**** Input data

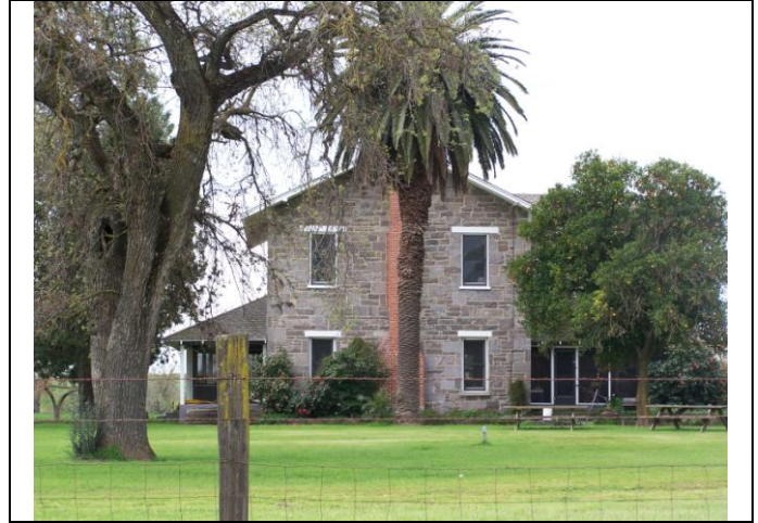
View looking east at the west elevation
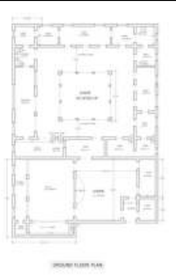
Plate 8: Ground floor plan
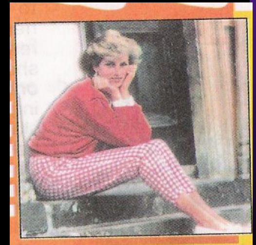
It was summer 1986.

The world was her stage and she dressed for the role of leading lady. She became a woman of vision, queen of style.
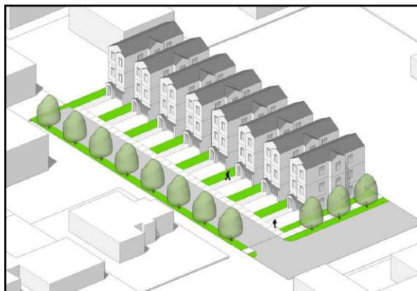
Example of recent development
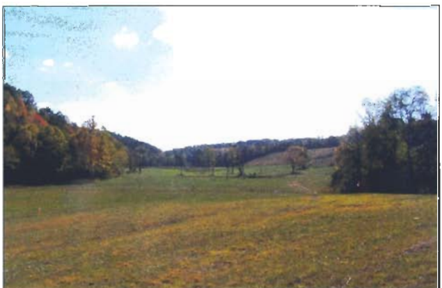
Partial View of One Mile Long Pasture Land
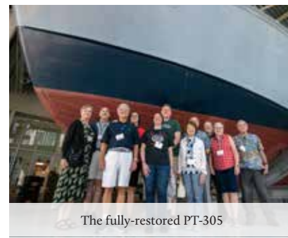
The fully-restored PT-305

********

→ Problem: Each line above should be written out again exactly, and no picture should appear in the copy.

→ Reply:
View looking east at the west elevation
Plate 8: Ground floor plan
It was summer 1986.

The world was her stage and she dressed for the role of leading lady. She became a woman of vision, queen of style.
Example of recent development
Partial View of One Mile Long Pasture Land
The fully-restored PT-305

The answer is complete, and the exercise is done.